Am I going crazy after a bad trip? (You aren’t, I promise)

Recently, I’ve been thinking a lot about the idea of “going crazy after a bad trip.” I’ve received a number of emails in which people bring this up, so I wanted to address it in detail as well as the general topic of fear. Having intense fear after a bad trip is incredibly common. If you’re afraid of being schizophrenic, dying, having panic attacks, flashbacks, or having to relive your bad trip, you’re not alone.

When I was entrenched in trying to heal myself from my difficult trip, I was constantly afraid of dying. This fear quite literally controlled my life every single day. It was when I finally learned to manage this fear that I truly began to heal!

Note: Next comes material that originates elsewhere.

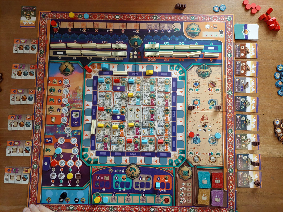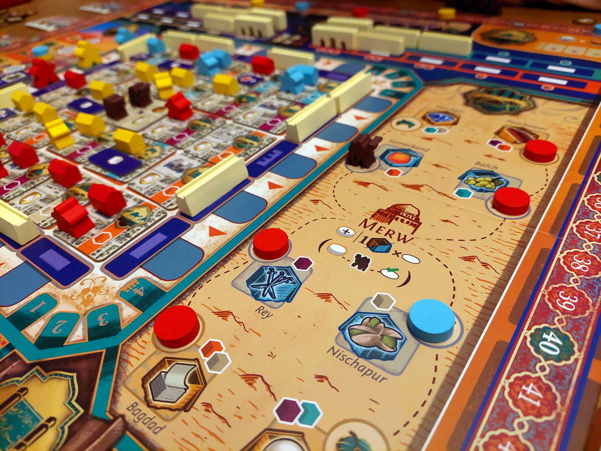 Im 12. Jahrhundert des heutigen Turkmenistans bauen und handeln die Spieler, um Reichtum und Macht zu erlangen. Es gilt, die Stadt auszubauen, sie gegen die heranrückenden Mongolen zu schützen, florierenden Handel zu betreiben und den Glauben zu ehren, indem man der Moschee huldigt. Dieser thematische Rahmen ist nicht nur atmosphärisch, sondern bildet das Fundament eines strategisch dichten Eurogames, das seine Spieler über drei Jahresrunden hinweg in ein eng verzahntes Netz aus Planung, Timing und Prioritätenmanagement wirft.
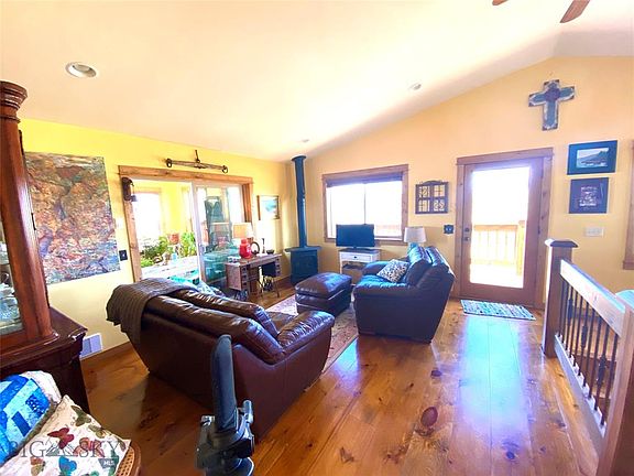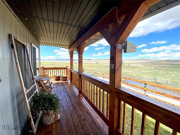 Don't miss out on this find! Big Sky Country postcard views plus a creek which runs through this incredible property. There is no way to exaggerate about the vistas from the gorgeous deck of this tasteful home! A remarkable and rare acreage includes this beautiful home with many custom features, including gorgeous wood deck on two sides that invites you right outside to take in this captivating place. An open kitchen with beautiful cabinetry, tile floors that extend into the dining area. The living room, hallway and bedroom feature wide plank wood floors. Living room has a gas stove. Off the living room opens up into a sun room with stunning views and large windows on three sides. Main level has 3 bedrooms and 2 full baths. Downstairs features a walk out basement with a cozy wood stove, full bath, laundry area and extra room for an additional bedroom, office, crafts area or game room. This property also features a greenhouse, corrals, cross and perimeter fencing and 2 car garage.

First, I’ll discuss fear in general, and then later in the post, I’ll cover fear of going crazy in more detail.

About fear (your worst enemy)

In every spiritual system that I’ve ever come across, there is a moment in which the supreme being says, “Do not be afraid.” Why is it that, regardless of spiritual system, our creators, guides, and spiritual teachers feel compelled to warn us against fear?

In another context, I’ve heard that the opposite of love is not hate, but fear. The more I think about this idea, the more I know it’s the absolute truth. This is because love is an expansive feeling that breaks down barriers and allows you to connect, feel safe, and grow. Fear, on the other hand, puts up barriers. It causes you to shrink away, protect yourself, and shut down.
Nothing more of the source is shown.